Independence of the Continuum Hypothesis: an Intuitive Introduction

TL;DR

This paper provides an accessible introduction to the independence of the continuum hypothesis, explaining the key concepts and techniques like forcing to a broad audience of non-specialists.

Contribution

It offers an intuitive, comprehensive exposition of the independence proof of the continuum hypothesis aimed at advanced undergraduates and computer scientists.

Findings

Clarifies the role of forcing in set theory

Demonstrates the independence of the continuum hypothesis

Bridges the gap between set theory and broader mathematical education

Abstract

The independence of the continuum hypothesis is a result of broad impact: it settles a basic question regarding the nature of N and R, two of the most familiar mathematical structures; it introduces the method of forcing that has become the main workhorse of set theory; and it has broad implications on mathematical foundations and on the role of syntax versus semantics.

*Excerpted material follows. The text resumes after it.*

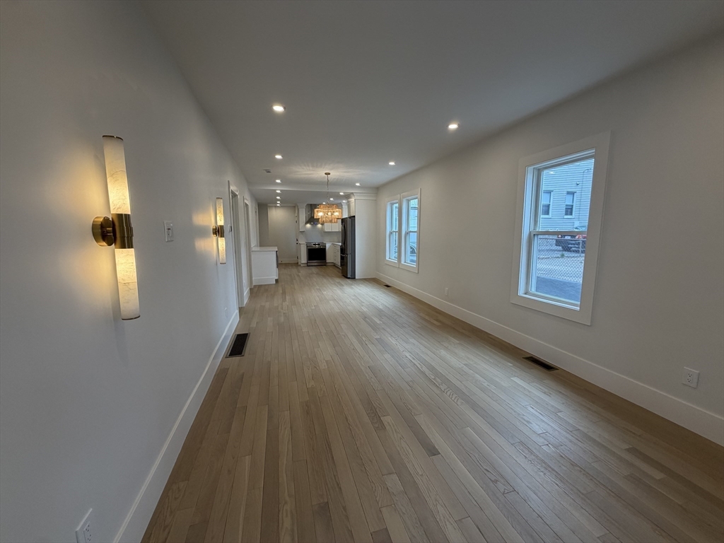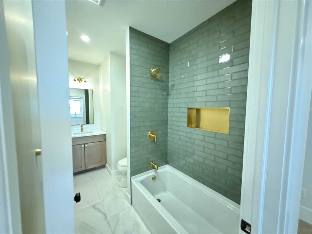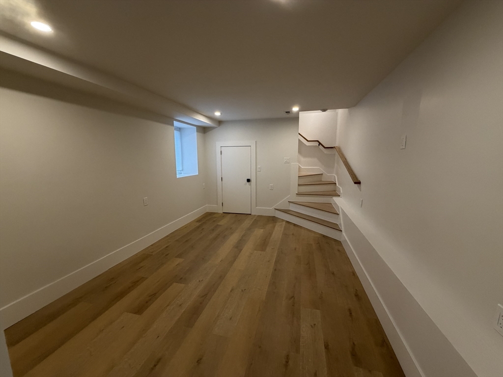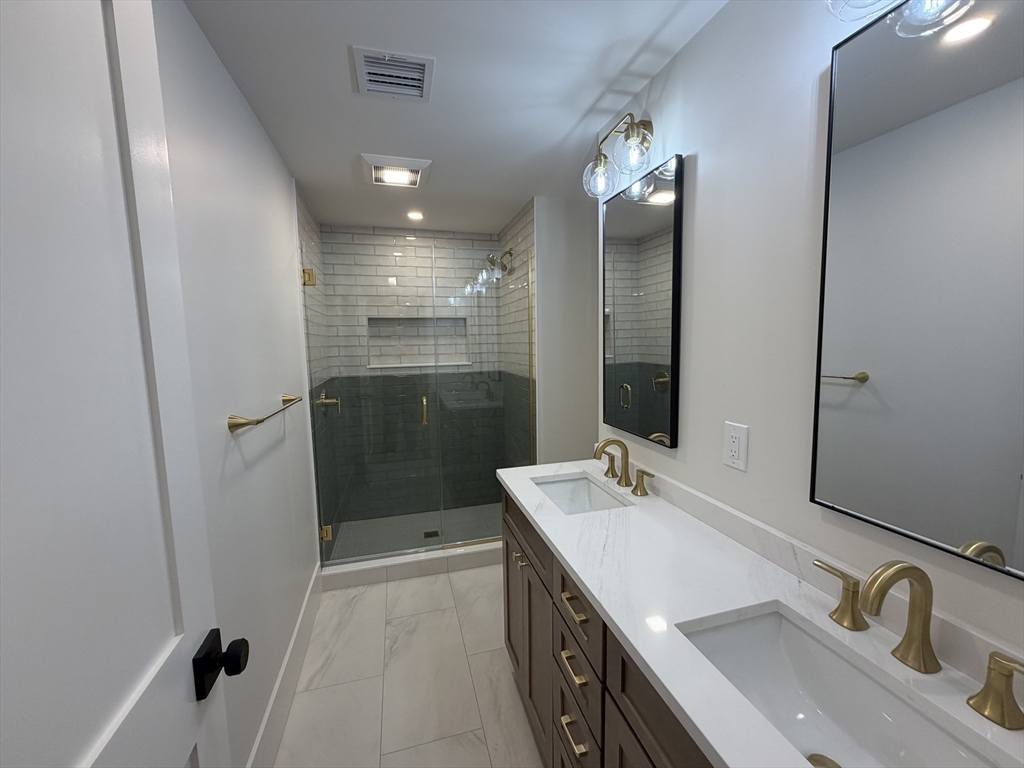 Be the first to live in this newly renovated multi-level 3-bedroom, 2-bath apartment that blends modern elegance with functional design on quiet side street on the Medford/Somerville line.The main level open-concept combines living room, dining room and kitchen. Modern kitchen with white shaker cabinetry, quartz countertops, stainless steel appliances, built-in microwave, brass hardware & quartz backsplash.Two bedrooms w/deep custom closets on the main level. Beautiful full tiled bath w/tub complete main level. Lower-level features primary king-size en-suite with walk-in closet w/custom built-in drawers and shelves. Spa-like bathroom includes double vanity, green subway tile and matte brass rain shower fixtures. Oak hardwood flooring. Central AC. In-Unit laundry. Exclusive private storage space. Exclusive use of backyard space. One assigned off-street parking. Walk to restaurants, gourmet shops, Tufts Green Line, Ball Sq,/Magoun Sq. Bus to Sullivan Station at end of street. No pets.

Despite its broad impact, it is not broadly taught. A main reason is the lack of accessible expositions for nonspecialists, because the mathematical structures and techniques employed in the proof are unfamiliar outside of set theory. This manuscript aims to take a step in addressing this gap by providing an exposition at a level accessible to advanced undergraduate mathematicians and theoretical computer scientists, while covering all the technically challenging parts of the proof.